5. The composition of claim 4, wherein the one or more proteins are selected from: NMB0182, NMB0382, NMB0634, NMB0763, NMB1126, NMB1342, NMB1429, NMB1799 and NMB2039.

6. A lipid bilayer which includes a protein selected from: (i) a protein comprising an amino acid sequence selected from the group consisting of SEQ ID NOs: 1 to 217; (ii) a protein comprising an amino acid sequence which shares at least 50% sequence identity with an amino acid sequence selected from the group consisting of SEQ ID NOs: 1 to 217; (iii) a protein comprising a fragment of an amino acid sequence selected from the group consisting of SEQ ID NOs: 1 to 217, wherein the fragment comprises at least 7 consecutive amino acids from the sequence; and/or (iv) a hybrid protein of formula: NH2-A-[-X-L-]n-B-COOH, wherein X is the amino acid sequence as defined in any one of (i) to (iii), L is an optional linker amino acid sequence, A is an optional N-terminal amino acid sequence, B is an optional C-terminal amino acid sequence, and n is an integer greater than 1.

7. The lipid bilayer of claim 6, in the form of a cell membrane, a liposome, a bacterial ghost, an outer membrane vesicle or a bleb.

8. The lipid bilayer of claim 6 or claim 7, which does not include at least one of the following native membrane components: a porin; lipooligosaccharide; lipopolysaccharide; PilC protein; Omp85 protein; an opacity proteins; a pilin; or P64k.

9. A protein comprising an amino acid sequence selected from the group consisting of SEQ ID NOs: 1 to 217.

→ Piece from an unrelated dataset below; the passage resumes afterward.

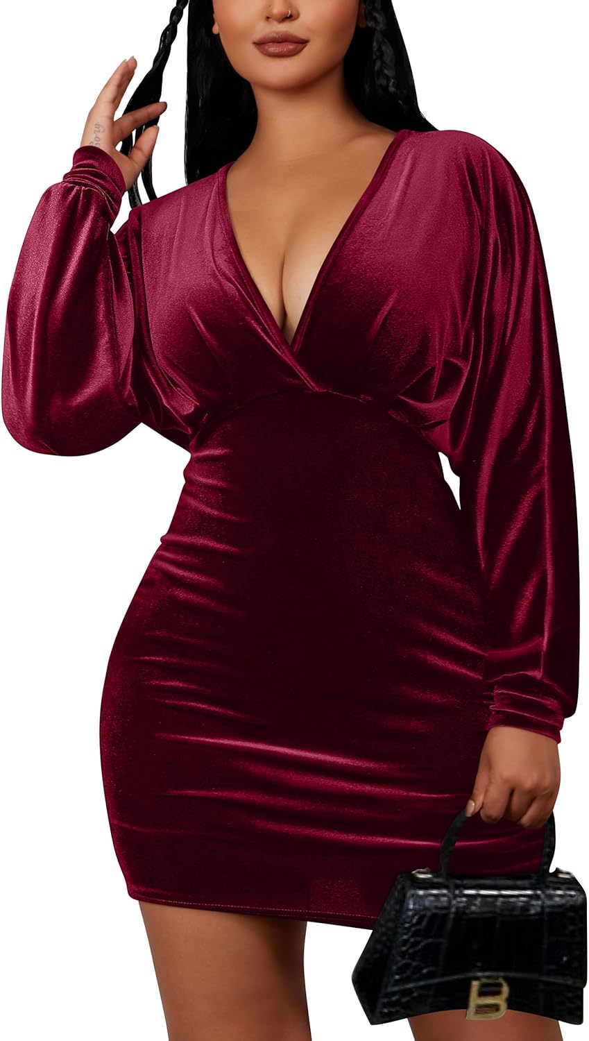 YMDUCH Women's Elegant Deep V Neck Long Sleeve Batwing Bodycon Velvet Mini Party Club Dress
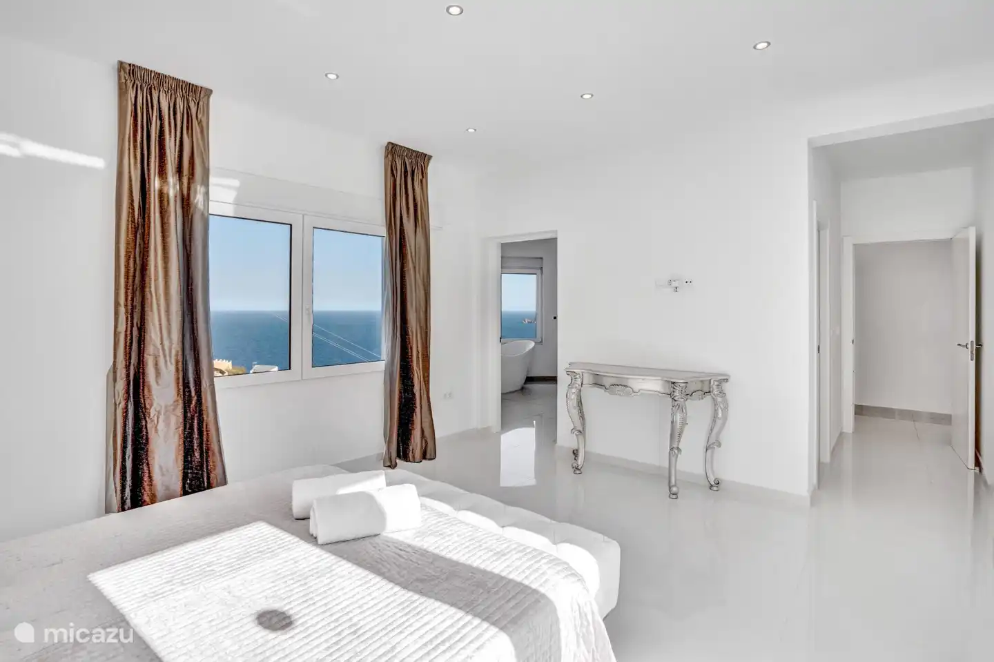 • Erster Stock: Vier geräumige Schlafzimmer mit Bad, alle mit direktem Zugang zu privaten Terrassen mit herrlichem Meerblick.

10. A protein comprising an amino acid sequence which shares at least 50% sequence identity with an amino acid sequence selected from the group consisting of SEQ ID NOs: 1 to 217.

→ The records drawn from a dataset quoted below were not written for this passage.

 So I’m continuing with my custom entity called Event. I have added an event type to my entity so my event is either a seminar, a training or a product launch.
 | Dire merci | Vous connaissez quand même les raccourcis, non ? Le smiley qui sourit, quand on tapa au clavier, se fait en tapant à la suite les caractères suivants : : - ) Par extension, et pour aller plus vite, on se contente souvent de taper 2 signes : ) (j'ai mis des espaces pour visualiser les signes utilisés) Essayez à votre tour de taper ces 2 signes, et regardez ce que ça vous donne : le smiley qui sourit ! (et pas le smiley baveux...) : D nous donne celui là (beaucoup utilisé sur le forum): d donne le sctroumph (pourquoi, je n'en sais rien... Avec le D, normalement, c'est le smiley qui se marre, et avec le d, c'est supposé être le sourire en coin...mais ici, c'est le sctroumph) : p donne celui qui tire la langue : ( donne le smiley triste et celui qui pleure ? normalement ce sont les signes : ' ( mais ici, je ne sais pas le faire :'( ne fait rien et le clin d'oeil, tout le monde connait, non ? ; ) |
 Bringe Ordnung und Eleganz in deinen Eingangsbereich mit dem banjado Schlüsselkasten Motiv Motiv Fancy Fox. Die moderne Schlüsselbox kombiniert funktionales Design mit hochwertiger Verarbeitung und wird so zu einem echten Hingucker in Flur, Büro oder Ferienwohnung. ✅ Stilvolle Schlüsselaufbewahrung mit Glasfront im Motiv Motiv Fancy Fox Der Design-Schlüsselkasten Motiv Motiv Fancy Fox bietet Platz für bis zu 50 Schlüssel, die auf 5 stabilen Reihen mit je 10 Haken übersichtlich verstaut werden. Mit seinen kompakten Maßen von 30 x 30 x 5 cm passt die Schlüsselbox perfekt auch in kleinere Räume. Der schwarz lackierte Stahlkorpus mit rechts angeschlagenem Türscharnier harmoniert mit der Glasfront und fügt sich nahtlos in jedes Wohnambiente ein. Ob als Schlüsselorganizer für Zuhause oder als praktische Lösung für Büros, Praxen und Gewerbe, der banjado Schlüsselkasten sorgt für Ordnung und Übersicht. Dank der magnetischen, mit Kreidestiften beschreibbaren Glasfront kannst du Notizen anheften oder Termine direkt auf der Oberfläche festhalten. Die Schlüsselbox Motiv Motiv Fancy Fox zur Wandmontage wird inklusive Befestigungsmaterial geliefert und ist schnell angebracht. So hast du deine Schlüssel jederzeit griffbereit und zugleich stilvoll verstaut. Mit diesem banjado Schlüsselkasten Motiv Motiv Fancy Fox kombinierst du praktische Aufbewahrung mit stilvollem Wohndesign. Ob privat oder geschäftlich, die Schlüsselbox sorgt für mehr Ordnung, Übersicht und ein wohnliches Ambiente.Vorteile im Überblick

11. A protein comprising a fragment of an amino acid sequence selected from the group consisting of SEQ ID NOs: 1 to 217, wherein the fragment comprises at least 7 consecutive amino acids from the sequence.

12. A hybrid protein of formula: NH2-A-[-X-L-]n-B-COOH, wherein X is the amino acid sequence as defined in any one of claims 1 to 3, L is an optional linker amino acid sequence, A is an optional N-terminal amino acid sequence, B is an optional C-terminal amino acid sequence, and n is an integer greater than 1.

13. Nucleic acid encoding the protein of any one of claims 9 to 12.